How much is enough to accumulate? How much is enough to give away generously? I don’t know. These are questions between you and the Holy Spirit. But I do know that  when I am overwhelmed by the question of how much is enough in my own life and it leads to hand wringing and feeling clutchy with what I have and fear that it isn’t enough, when I am in that spirit space, then I know it’s time to be generous. It’s time to bless a friend who is struggling or to gift an nonprofit doing good work that leads to life’s flourishing. It’s time to commit my own hours to helping someone else. This has been true at every economic level that I have lived.

I am no mathematician and rarely deal in concrete facts, but Kingdom of God math seems to be the more you give, the less fear you have around what is enough.

Have no fear, little flock. Jesus refers to us as a little flock, which is cute and diminutive. I don’t hate it. Actually, I love thinking of us as sweet wooly sheep with a gentle Shepherd guiding us. Even so, this little flock is the recipient of God’s dominion.
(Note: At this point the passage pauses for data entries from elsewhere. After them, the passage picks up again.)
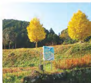
里の丘広場の秋 津市一志町 里山ファンクラブさん 並んだ2本のイチヨウは、広場のシンボルツリーです。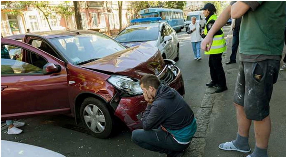
Aumentan los accidentes laborales de tráfico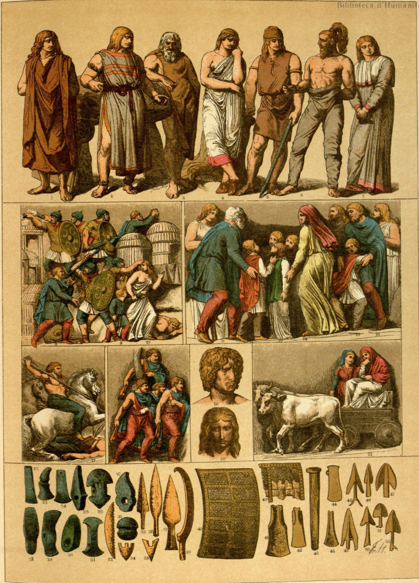
EDAD ANTIGUA.-TRAJES Y ARMAS DE LOS GERMANOS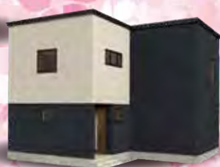
イクワホーム ブース出展

This flock is the recipient of God’s dominion. Meaning, God is here, we have what we need and not only is a new world that I first experienced at Camp Wapo possible, it is being born.

It is being born despite of all those things that we are terrified might happen. Despite all the fear and anxiety that we carry around. Despite all of that, this world is at hand.

Here is how I know.

This week, Gloria Dei folks joined other volunteers and built a house with Habitat for Humanity.

A group of quilters met and worked on community art pieces we call quilts, which make the world cozier and warmer.

Many of you prayed for people. Others vulnerably asked for prayer.

People showed up and without fanfare, tended the gardens here, picked veggies to be shared with neighbors at Neighborhood House, watered flowers.

An Eagle Scout worked with his troop and contributed 100 new plants to our rain garden area.

Others resisted isolation and came together for coffee, for connection, to study God’s word, to exercise together.

I know most of you likely picked up a postcard on from our Beacon Housing folks to mail to our representatives reminding them that we want affordable housing.

We all set aside other plans to gather up this morning to hear ancient stories like the one from Genesis where a man who had one foot in the grave—was all but dead—but God made good on the promise that he and his wife would have as many descendants as there are stars in the sky, as many as grains of sand on the beach. Can you imagine? And new life sprung from within their lives and just kept springing.

And. 30 campers joined a camp full of kids to joyfully scream-sing a new world into being. This is the Kingdom of God. This is the flourishing.

Have no fear, Gloria Dei. It is God’s good pleasure to give you the kingdom.